Mongolia has submitted films for the Academy Award for Best International Feature Film (Note: The category was previously named the Academy Award for Best Foreign Language Film, but this was changed to the Academy Award for Best International Feature Film in April 2019, after the Academy deemed the word "Foreign" to be outdated.) since 2003. The award is handed out annually by the United States Academy of Motion Picture Arts and Sciences to a feature-length motion picture produced outside the United States that contains primarily non-English dialogue.

As of 2025, Mongolia has submitted ten films for consideration, but none of them were nominated.

Mongolian film The Story of the Weeping Camel was the country's first production to be nominated for an Academy Award, at the Academy Award for Best Documentary Feature Film category in 2004.

==Submissions==
Every year, each country is invited by the Academy of Motion Picture Arts and Sciences to submit its best film for the Academy Award for Best Foreign Language Film. The Foreign Language Film Award Committee oversees the process and reviews all the submitted films. Following this, they vote via secret ballot to determine the five nominees for the award.
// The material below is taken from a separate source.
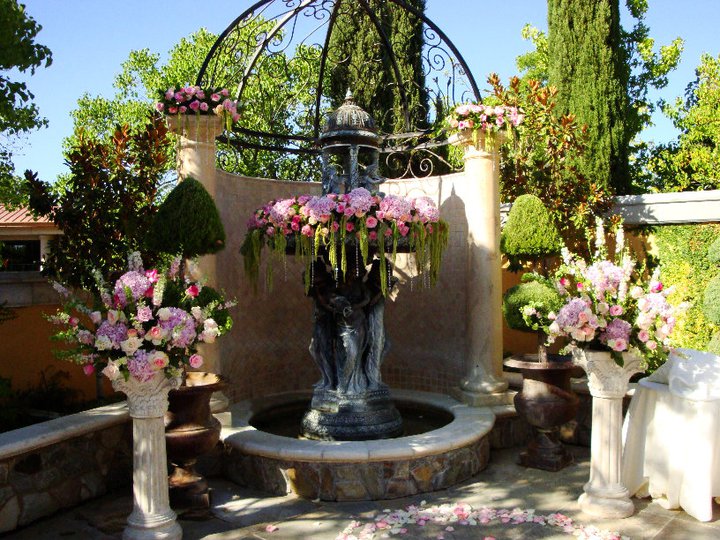 altar. Column in glass, mirror columns, plastic original wedding arbors and columns and much more. Just visit our showroom. With over 11 wedding arches for ceremony you will find exactly what you love. And if we don’t have the arch or item your looking for, we will order or custom fabricate one for you with no extra charge. It’s important to keep in mind that every venue and churches have different rules when it comes to using or lighting candles and fresh versus silk flowers at the altar. Well if you are in a dilemma, no worry, we are here to help. iDesign Events has a large variety of silk amazing hyndrengia, roses, peonies and lots of high end flowers in stock, no not the ones you see at your dollar store, more like 10.99-30.99 per stem. These awesome silk high-end flowers are especially latex glazed to give you that ultimate freshness at any event. We use all sorts of wedding design and combination of flowers that compose the large three foot altar arrangements for your column. Here are some samples. Happy Planning.

The first two Mongolian submissions concerned the lives of rural families on the Mongolian steppe, and the closely intertwined life of people and their animals. Both films contained elements of documentary and fiction and used real Mongolian families as their actors. In Weeping Camel, a family attempts to reconcile a mother camel who refuses to nurse its newborn calf, with a traditional musical ritual. In Yellow Dog, a little girl tries to convince her reluctant family to adopt a wild dog.

Below is a list of the films that have been submitted by Mongolia for review by the Academy for the award.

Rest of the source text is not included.